"LLM Core Study (6/6) — Learning Roadmap: 12-week Course, 10 Papers, 10 Repos"

Parts 1–5 covered principles. This finale orders them into a 12-week schedule with paper-reading, code-cloning, and experiment loops, then ranks the 10 must-read papers and 10 must-touch repositories, and finishes with a self-evaluation and next-step branches.


0. Learning Objectives

  • See, at a glance, what to do each week for 12 weeks.
  • Understand why the papers are read in this particular order.
  • Match each repository to the right phase of learning.
  • Use the self-evaluation to decide which deep-dive branch (inference, RAG, alignment, agents) comes next.

1. The 12-week course

Three activities per week: read, clone, experiment.
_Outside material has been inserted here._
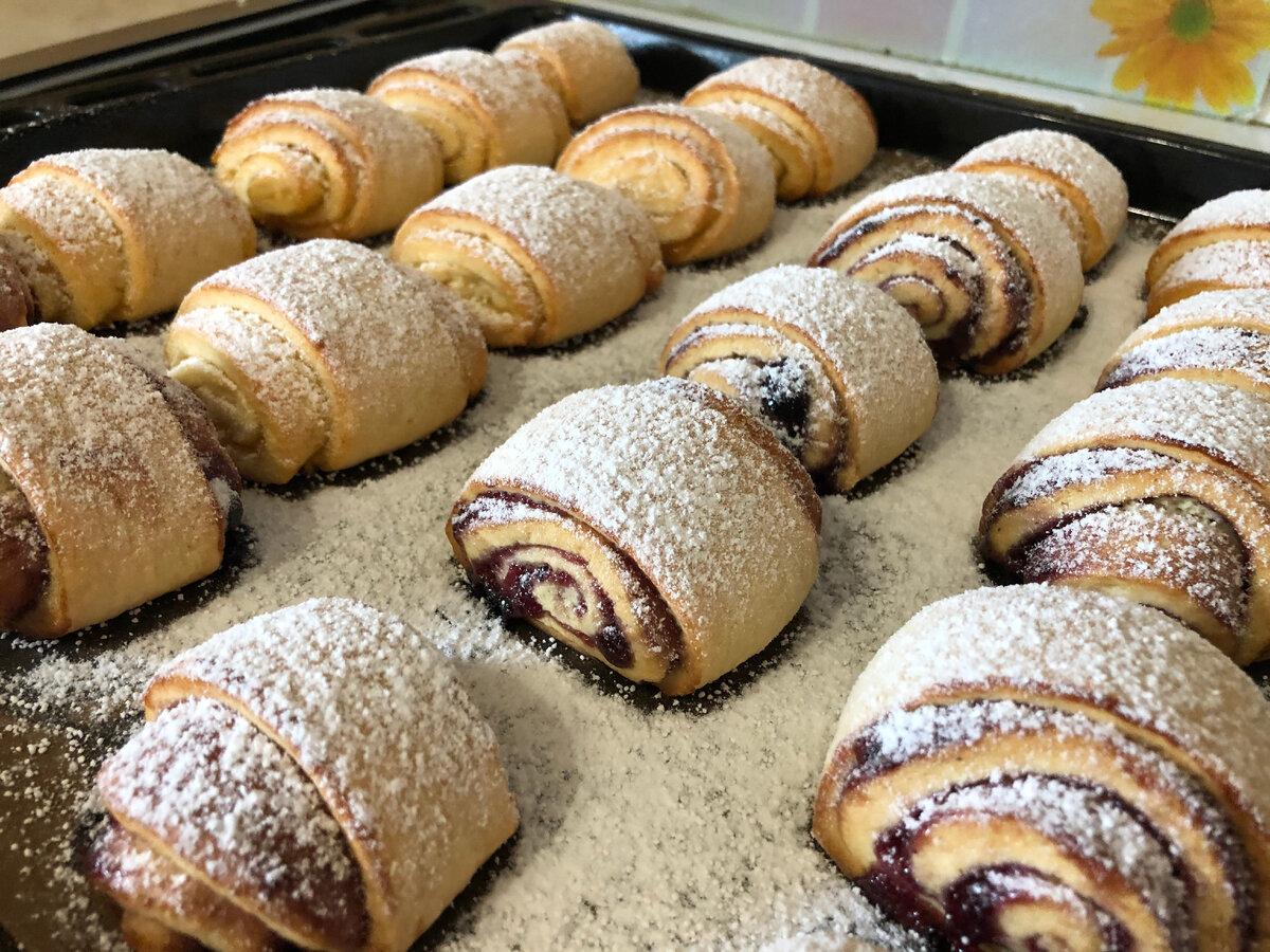 Робочу поверхню присипаємо борошном і розгортаємо тісто в прямокутний пласт товщиною 1-2 мм ( при розкачуванні, щоб тісто не прилипало до качалки, присипаємо зверху трохи борошном ). Зверху тісто змащуємо джемом ( 2 столові ложки на один пласт ).
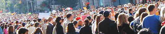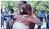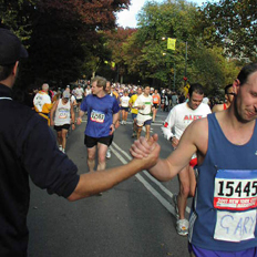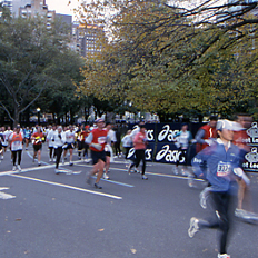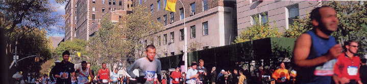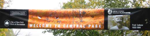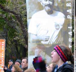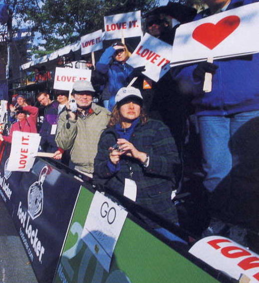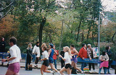 セントラルパークイーストから公園内のフィニッシュまで沿道にはプラカードを持って応援者が続く、抱き合っては分かれている。

Keep a short retro note each week — what built, what broke, what's next.

1.1 Weeks 0–2 — Build a tiny transformer

  • Read: Vaswani 2017; review Lecture 1.
  • Clone: copy nanoGPT from scratch into an empty file.
  • Experiment: train on Tiny Shakespeare; reach perplexity ≤ 10.

1.2 Weeks 3–4 — Tokenisers and embeddings

  • Read: Sennrich 2016 (BPE), Kudo & Richardson 2018 (SentencePiece).
  • Clone: implement BPE in under 50 lines.
  • Experiment: compare English vs Korean compression at three vocab sizes.

1.3 Weeks 5–6 — Decoding strategies

  • Read: Holtzman 2020 (Top-p), Leviathan 2023 (Speculative).
  • Clone: write Greedy / Beam / Top-p / Min-p in one decoder module.
  • Experiment: compare BLEU and repetition rate across the four.

1.4 Weeks 7–8 — Fine-tuning (LoRA, QLoRA)

  • Read: Hu 2021, Dettmers 2023.
  • Clone: fine-tune a 7B model with LoRA on Korean instruction data.
  • Experiment: sweep \(r \in \{4, 8, 32\}\); record loss and MMLU.

1.5 Weeks 9–10 — RAG

  • Read: Lewis 2020 (RAG), Karpukhin 2020 (DPR).
  • Clone: build FAISS + BGE-M3 + LLM into a working RAG pipeline.
  • Experiment: chunk-size and top-k sweeps; faithfulness deltas.

1.6 Weeks 11–12 — Evaluation and operations

  • Read: Lecture 4 RAGAS section + Lecture 5 perplexity/calibration.
  • Clone: bolt a harness onto your own RAG.
  • Experiment: dashboard hallucination, latency, cost on three axes.

2. Ten papers — read order

  1. Vaswani et al., 2017, Attention Is All You Need — start of Lecture 1. arXiv:1706.03762.
  2. Sennrich et al., 2016, NMT of Rare Words with Subword Units — BPE origin. arXiv:1508.07909.
  3. Su et al., 2021, RoFormer: Rotary Position Embedding — Lecture 1 §6. arXiv:2104.09864.
  4. Hu et al., 2021, LoRA — Lecture 2. arXiv:2106.09685.
  5. Dettmers et al., 2023, QLoRA — Lecture 2. arXiv:2305.14314.
  6. Holtzman et al., 2020, The Curious Case of Neural Text Degeneration — Lecture 3. arXiv:1904.09751.
  7. Lewis et al., 2020, Retrieval-Augmented Generation — Lecture 4. arXiv:2005.11401.
  8. Wei et al., 2022, Chain-of-Thought Prompting — Lecture 4. arXiv:2201.11903.
  9. Fedus et al., 2022, Switch Transformer — Lecture 4 (MoE). arXiv:2101.03961.
  10. He et al., 2016, Deep Residual Learning — Lecture 5 (stability). arXiv:1512.03385.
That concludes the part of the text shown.